Hosted by the University of Arizona Center for Latin American Studies

November 17, 2016

In the following presentation, I will first discuss the objective conditions that made former President Dilma Rousseff’s impeachment possible and then explain how her removal from office was unconstitutional and the result of an illegitimate power grab. In conclusion, I’ll briefly describe what I see as the potential consequences of Rousseff’s removal, both within Brazil and regionally.

The Context

Much of the world has experienced political turbulence that can be linked in part to the economic and social aftershocks of the 2008 financial crisis and subsequent global recession.

In South America, the economic impact of the crisis was first felt relatively late, starting in 2011-12, but has contributed to growing instability, and in a number of cases, to major political change. The most dramatic effects so far have been in Argentina and Brazil. In both countries, severe economic challenges contributed to the end of 12 years of left-leaning government. In Argentina, hit hard by high inflation and low and negative economic growth, a democratic transition occurred at the end of 2015, when right-wing presidential candidate Mauricio Macri defeated the candidate supported by left-leaning president Cristina Kirchner in the country’s general elections. In Brazil, which has been in deep recession since 2014, an undemocratic transition took place, beginning in May of this year when the impeachment trial of Dilma Rousseff was launched by the country’s legislature.
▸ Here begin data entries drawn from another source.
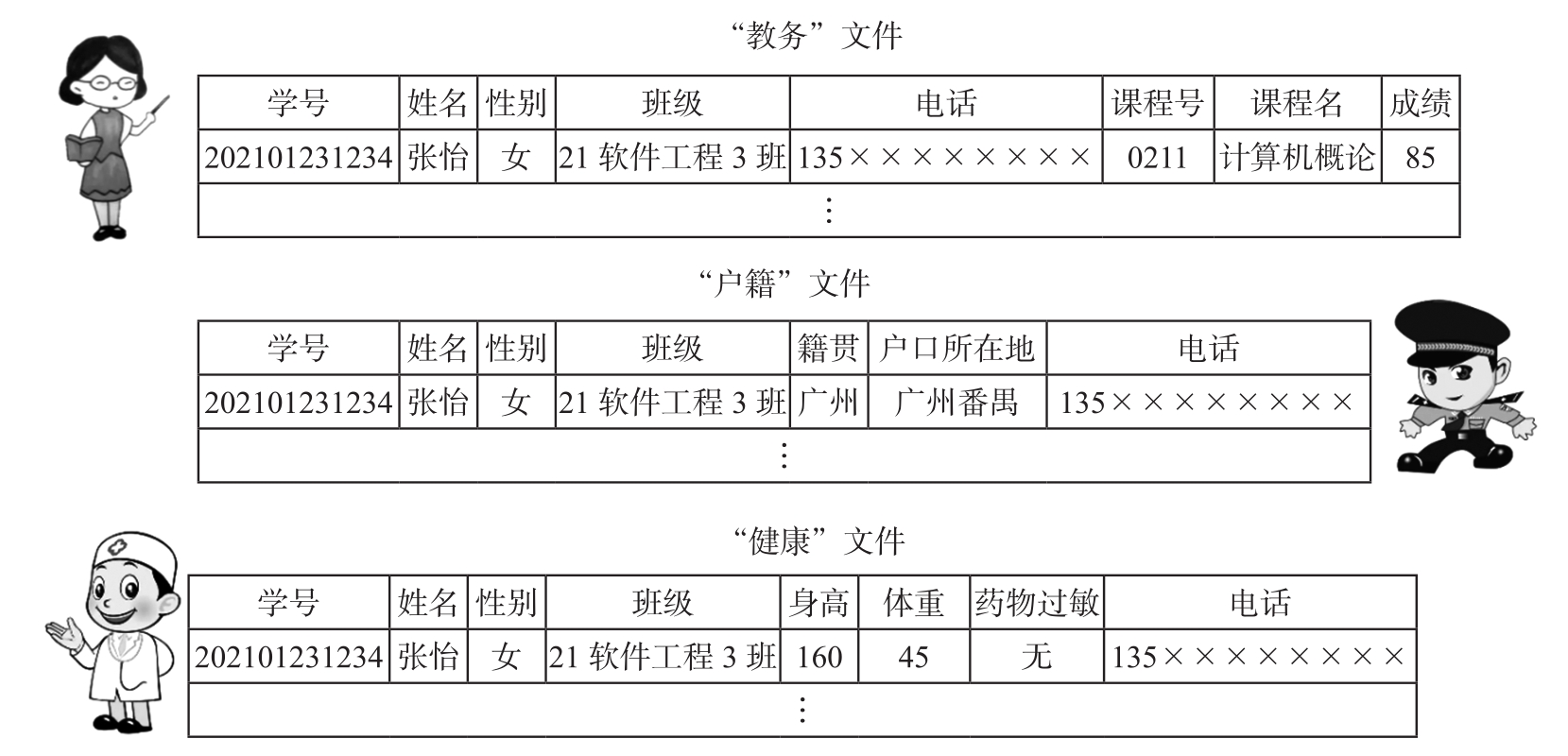 然而,这种数据管理技术也存在不足之处。以校园信息管理系统为例,学校各个部门职能不同,需要对学生的部分相关信息进行存储和管理。教务处主管教务,建立了“教务”文件,以存储与教务相关的信息,如学生的学号、姓名、性别、班级、电话、课程号、课程名、成绩等信息;保卫处负责校园门禁管理和人员的户籍管理,建立了“户籍”文件,以存储学生的学号、姓名、性别、班级、籍贯、户口所在地、电话等信息;校医院则建立了“健康”文件来记录学生的健康状况,如学生的学号、姓名、性别、班级、身高、体重、药物过敏、电话等信息。“教务”文件、“户籍”文件和“健康”文件既存在部分相同的数据,如学生的学号、姓名、性别、班级、电话等,也各自存储着一些特有的数据,如图1.10所示。
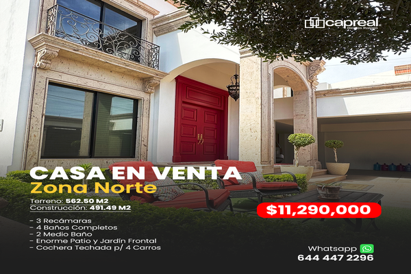 CasaVenta$11,290,000 MXNCasa en venta, Tamaulipas, Col. Zona Norte, Cajeme, Sonora, México, C.P. 85040, ID: 27344679 3 Recámaras 5 Baños 491 m2 A/C C. servicio
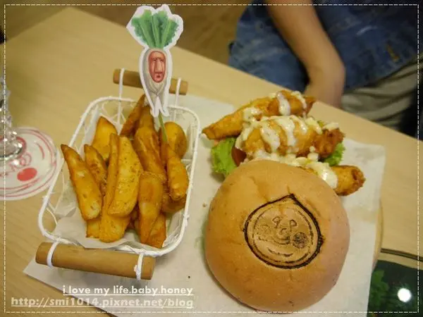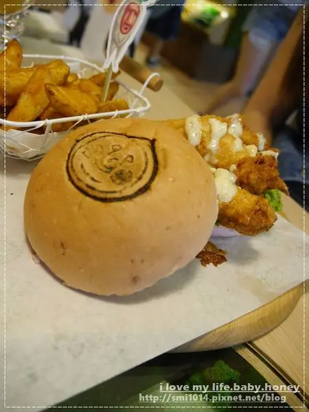 漢堡上面還有屁桃的臉烙印在上面 顆顆
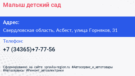 Малыш, детский сад по адресу Свердловская область, Асбест, улица Горняков, 31 в дальнейшем Организация, размещена в следующих категориях:

It’s worth noting that Rousseff, former president Lula da Silva’s chosen successor, was generally very popular during her first term (2011–2014). Her polling numbers remained high until 2014. Early that year, the country’s economy went into recession due in part to the impact of the global fall in commodities prices, but much more due to the government’s procyclical fiscal policies.[1] In October of 2014, Rousseff won reelection by a relatively small margin.
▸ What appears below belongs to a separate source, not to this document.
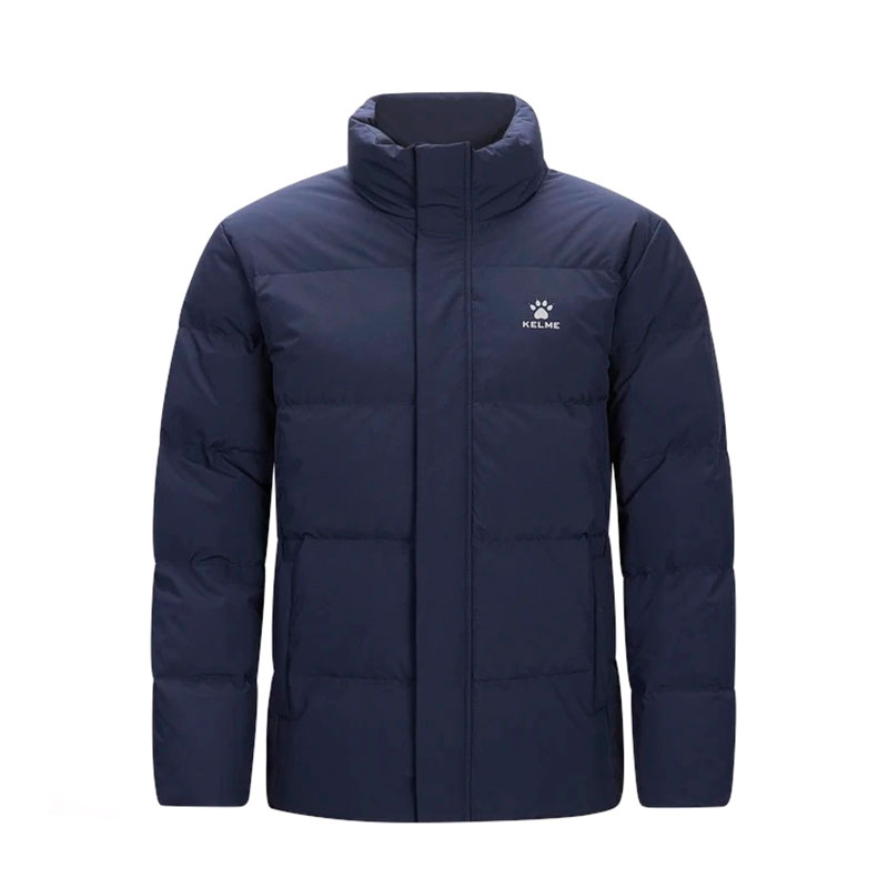 Пуховик мужской испанского бренда KELME. Плотный, приятный на ощупь стеганный материал 100% полиэстер. Подкладка 100% полиэстер. Утеплитель 80% утиный пух, 20% перо. Теплый воротник стойка. Застежка на молнии и ветрозащитной планке на липучках. Два наружных прорезных кармана с теплой подкладкой застегиваются на молнии. Внутренний открытый карман с левой стороны. Слева принт логотипа производителя серого цвета. Низ пуховика с внутренней стороны на широкой эластичной резинке для предотвращения задувания. В рукавах потайные манжеты на резинке от задувания. Длина пуховика по спине 76 см (размер XL). Размер XL российский размер 52. Ручная стирка. Производство KELME в КНР.
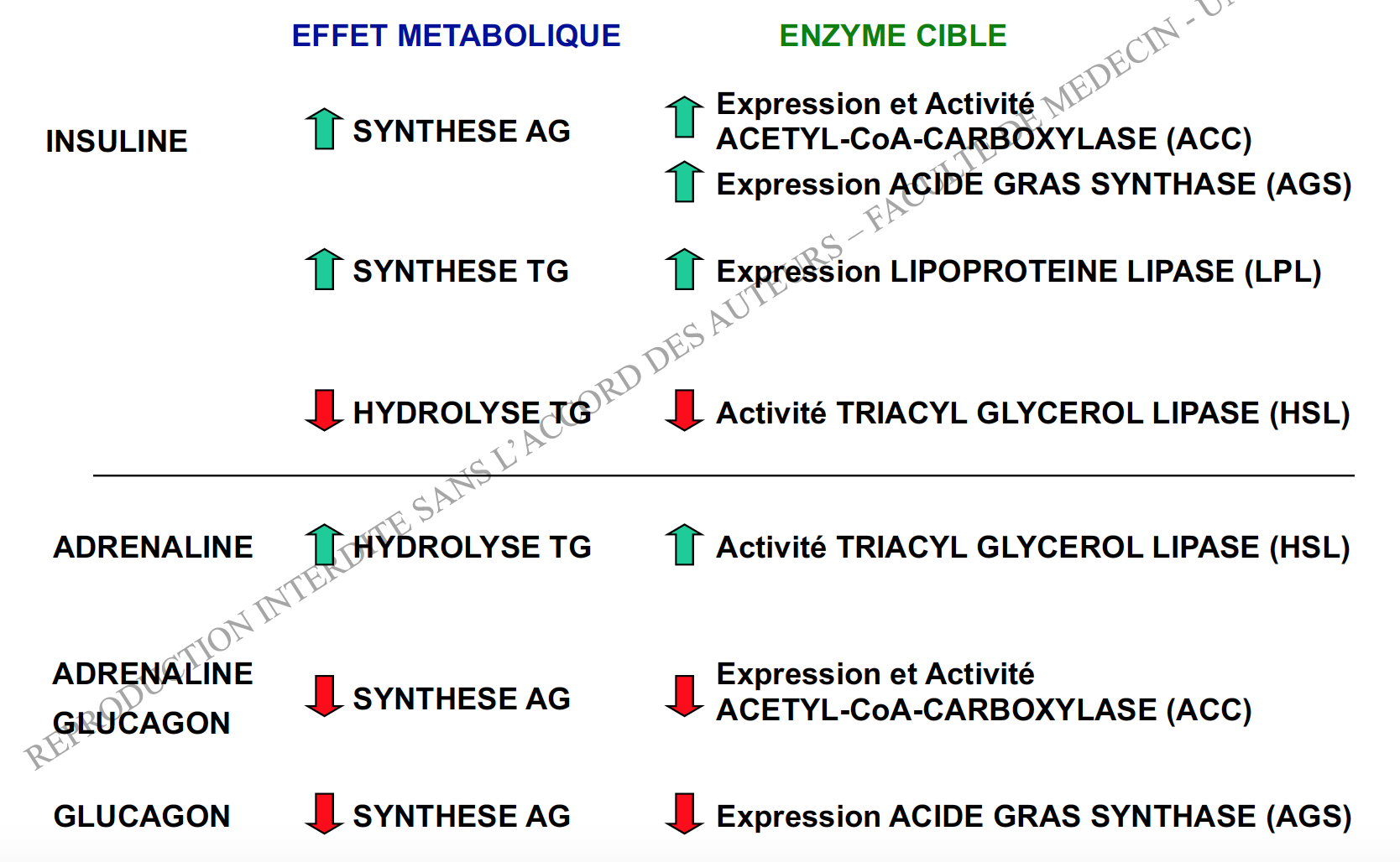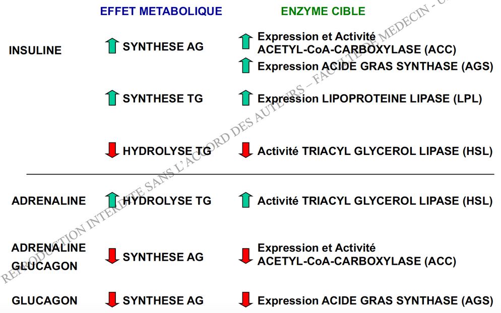 :arrow: L'adrénaline et le glucagon diminue "l'expression et l'activité de l'ACC"

Over the following months, several factors converged to create a ripe terrain for Rousseff’s impeachment. First, the economic situation worsened considerably: the recession deepened and unemployment rose substantially.

Second, a major corruption scandal exploded as the result of a judicial investigation ? known as “Lava Jato” (car wash) ? into a vast kickback scheme involving state oil company Petrobras, Petrobras service providers, and a network of senior politicians from various political parties. The scheme allegedly involves senior leaders of most of Brazil’s major parties, though the country’s private media has focused mostly on the involvement of members of Rousseff’s Workers’ Party (PT).
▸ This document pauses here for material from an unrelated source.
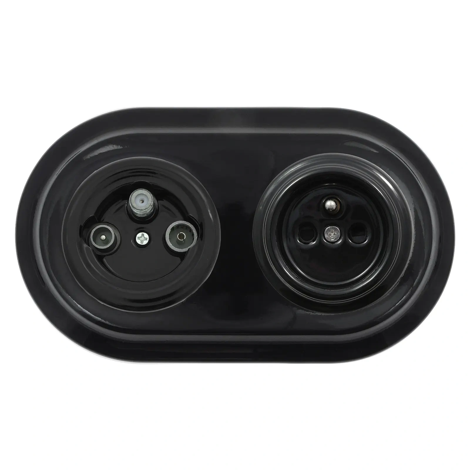 Gniazdo TV/SAT + Gniazdo elektryczne okrągłe z ramką podwójną, czarne, montaż podtynkowy, Ceramic Loft
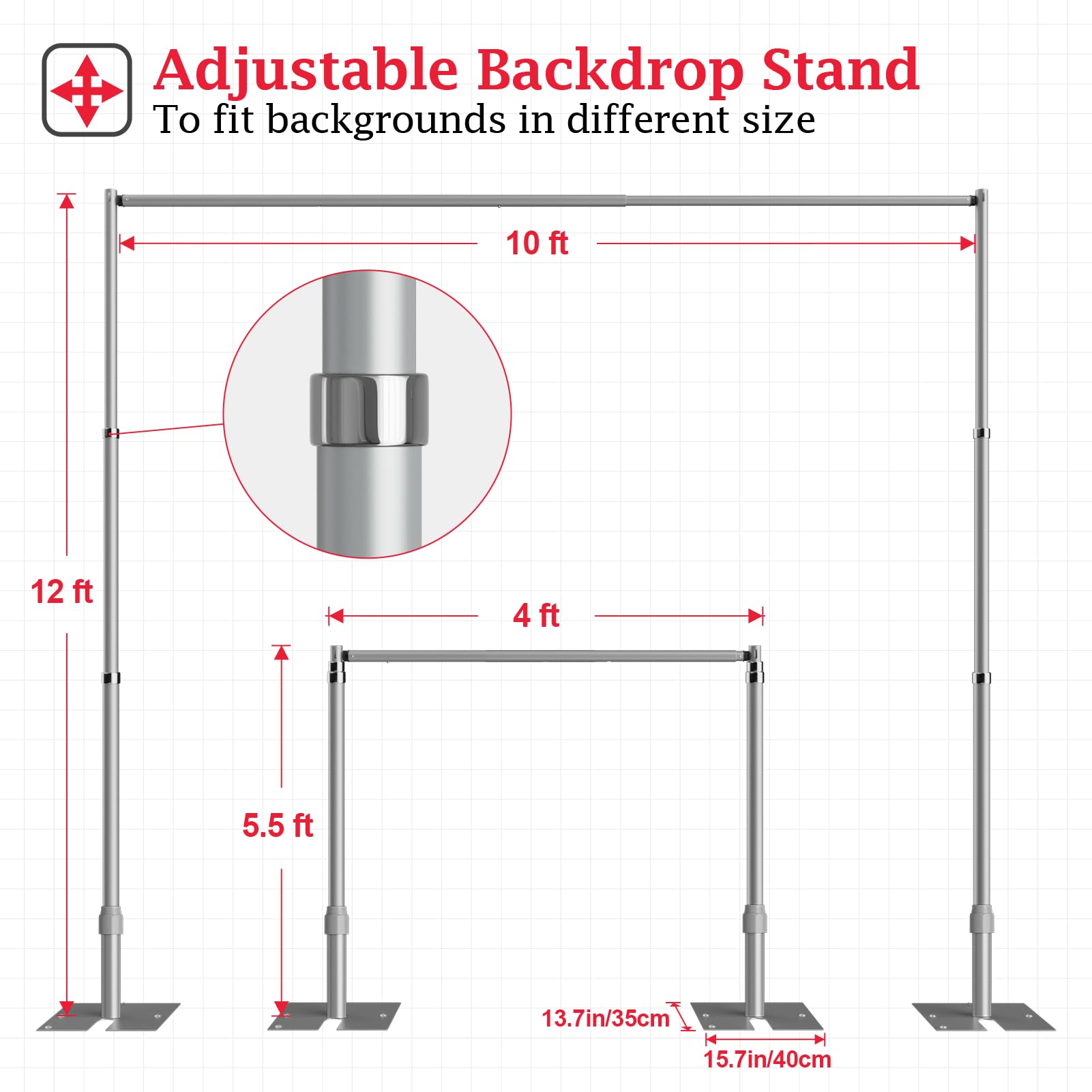 【Sturdy Photo Background Stand 】12x10 ft heavy duty backdrop stand. Aluminum and steel framework provides maximum stability and professional durability,Sturdy base legs provide sturdy balanced support for safety and reliability.

Rousseff was never directly implicated in this corruption scandal, though major private media ? e.g., Rede Globo, Veja ? often gave the impression that she was. In fact, Rousseff played an important role in enabling corruption investigations to move forward; for instance, through her appointment of an independent attorney general and her decision to keep in place the top federal police investigator who first launched the probe into the corruption allegations linked to Petrobras. The investigator, Márcio Anselmo, violated a statute prohibiting police authorities from talking to the media about ongoing investigations, but Rousseff, despite entreaties from members of her own party, didn’t have him removed.

Nevertheless, the combined effect of the corruption scandal and Brazil’s sinking economy, together with Rousseff’s notoriously insular governing style, contributed to her favorability ratings falling to the single digits by the end of 2015.[2]

A third crucial factor also came into play. From mid- to late 2015, the PT’s former political allies from the Brazilian Democratic Movement Party (PMDB) turned against Rousseff and her party, which led to the PT losing a working majority in the legislature. From this point on the PMDB ? which then vice president Michel Temer belonged to ? had the ability to remove her from power if they were prepared to game the system. And they were.

An Unconstitutional Removal

On the surface, the impeachment may have appeared to roughly comply with legal norms. Though there were legitimate concerns about the violation of Rousseff’s due process rights at various junctures, the basic impeachment procedures were generally respected: the Chamber of Deputies and then the Senate voted to proceed with the impeachment, Rousseff was then temporarily suspended from office and a several-month Senate trial took place with hearings that included testimony from witnesses presented by the defense and the plaintiffs.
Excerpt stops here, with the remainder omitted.